20 апреля 2025, 03:48 Лазарет пах карболкой и чем-то сладковатым — тем особым запахом, какой бывает в комнате, где долго лежит тяжелобольной. Лида знала его с детства: так пахло в спальне матери в последние недели перед смертью. Иногда, проходя мимо угловой палаты, где лежали самые тяжёлые, она ловила себя на том, что бессознательно ищет в воздухе эту сладковатую ноту — ищет и одновременно боится найти. Потому что запах этот был не просто запахом. Он был предвестником. Он говорил: этот человек уходит.
Зачем она думала о матери сейчас, когда нужно было перевязывать юнкера Володю? Мысли вообще редко приходят вовремя, а на фронте они и подавно живут своей жизнью: приходят без спроса, уходят без предупреждения, цепляются одна за другую, как репейник за шинель.
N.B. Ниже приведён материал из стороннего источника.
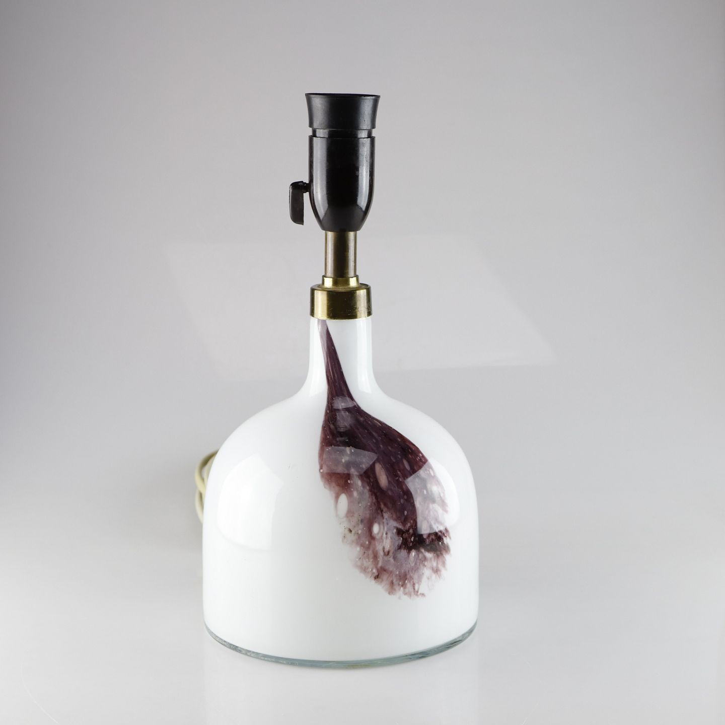 Glas bordlampe i hvid med lilla eller rosa farver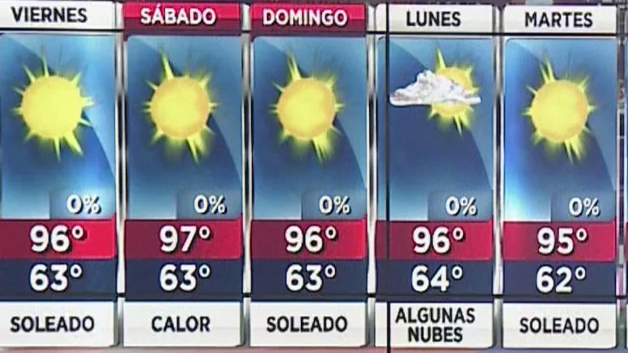 Se espera que las temperaturas máximas lleguen a niveles en los altos 90 grados, con cielos casi totalmente despejados.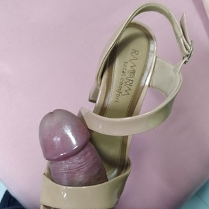 Adoro me exibir de salto e gozando nos sapatos de minha mulher, portanto comente a vontade que nos motiva a fazer mais!!!!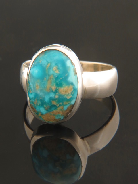 This Sterling Silver ring features an oval shaped Turquoise cabochon.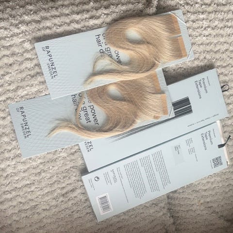 Myydään parikertaa käytetyt teippi hiustenpidennykset. Pituus 45cm. Väri punaruskeat, joukossa myös tummempaa hieman. Kuin uudet.
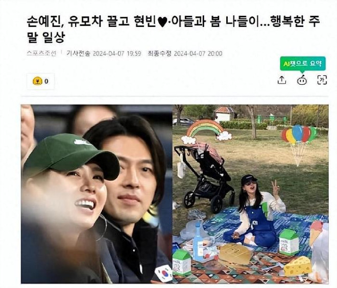韩国知名女星,演员孙艺珍分享了她的周末日常,公开了周末快乐野餐的照片。 4月7日,孙艺珍在个人账户上发布了一张自己在公园野餐的照片。照片中,孙艺珍铺着垫子享受春天的天气,和家人一起去郊游,孙艺珍身穿蓝色工装裤,头戴黑色棒球帽,戴着墨镜,显得休闲,最引人注目的部分是孙艺珍身后的婴儿车。 ![]() 孙艺珍在镜头前画着V字,自然地展现了随和的魅力。婴儿车里也有孙艺珍的狗,看来孙艺珍和玄彬、儿子以及他们的狗等家人一起度过了一段愉快的时光。孙艺珍坐在垫子上,旁边放着婴儿车,心情愉快。孙艺珍写道:“大家周末过得愉快吗?明天又开始了!加油”。 ![]() 对此,网友们也纷纷留言表示,“看姐姐分享日常真的觉得她过得好开心,好幸福”,“他俩的狗狗,Kitty,大女儿,幸福的一家四口”,“一家子去春游好开心”,“孙姐最近心情很好哟,色彩斑斓的花花”,“周末也该有新开始,幸福之家,真是令人艳羡,不愧是我嗑的最完美的CP” ![]() “粉红色的小车车是妈咪喜欢的颜色吧”,“这是比阳光还明媚的脸,这是幸福的一家四口啊”,“哈哈孙艺珍眼镜里面就看见老公的大头”,“胖豆是不是也穿背带裤,亲子装走起”,“墨镜里的一切给大家扒出来!”,“墨镜里的大头哈哈”等等。 ![]() 与此同时,玄彬和孙艺珍于2022年3月结婚。两人于同年11月生下儿子,婚后生活幸福美满。最近,孙艺珍和玄彬一起出现在首尔高尺巨蛋举行的“MLB世界巡回赛首尔系列赛2024”洛杉矶道奇队与圣地亚哥教士队的比赛中,引起了韩国网友们的关注。对于,韩国知名女星,演员孙艺珍分享周末日常,推着婴儿车与玄彬春游,享受快乐野餐,大家怎么看呢? |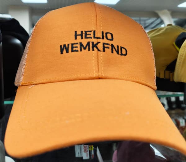 Black baseball cap embroidered “COLORAOD” instead of Colorado.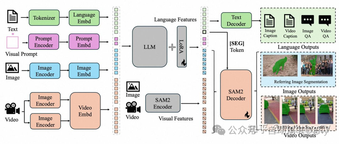 模型首先将输入文本、视觉提示、图像和视频编码为符元嵌入。 然后,这些符元通过一个大型语言模型(LLM)进行处理。 输出文本符元用于生成[SEG]符元和相关的语言输出。 SAM-2解码器接收来自SAM-2编码器的图像和视频特征,以及[SEG]符元,以生成相应的图像和视频掩码。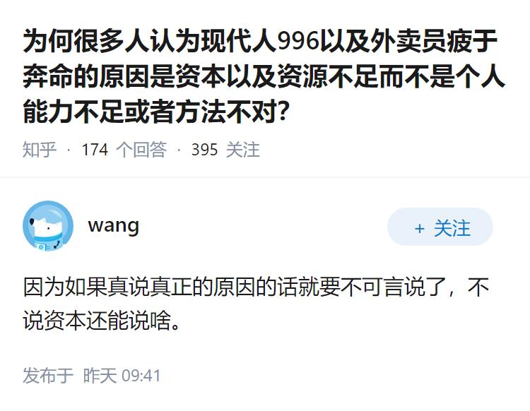 为何很多人认为现代人996以及外卖员疲于奔命的原因是资本以及资源不足而不是个人能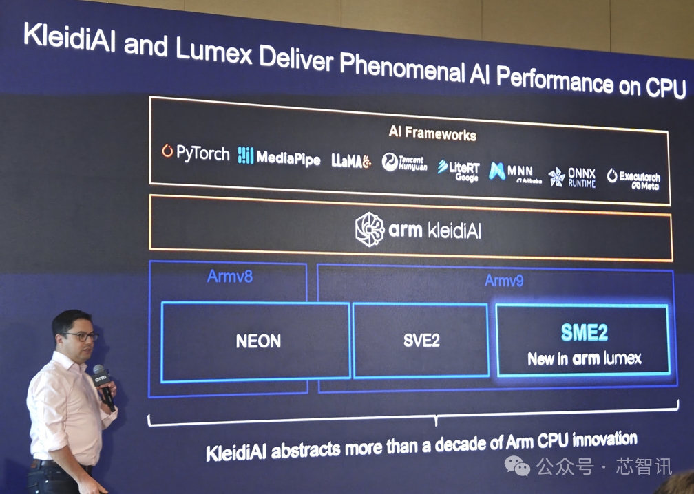 Arm KleidiAI 于 2024 年推出,旨在为Arm CPU 上运行的 AI 推理工作负载提供软件性能优化,开发者无需进行任何额外的工作,目前该软件库已应用于移动端、云和数据中心等关键领域,包括 KleidiAI 已被集成到 execuTorch、Llama.cpp、MediaPipe、PyTorch、LightRT等几乎所有主流AI框架的最新版本中,开发者只需开始构建应用程序,即可在基于 Arm 架构的平台上自动获取性能的显著提升。

Она стояла на коленях перед койкой. Белый передник, утром ещё крахмальный, теперь был в бурых пятнах — свежих и засохших. Пальцы дрожали, и это раздражало. В Смольном ей всегда говорили, что у неё идеальная мелкая моторика. Она играла Шопена с листа, не пропуская ни одной ноты. А теперь не могла ровно наложить бинт на грудь мальчика, которому от силы девятнадцать.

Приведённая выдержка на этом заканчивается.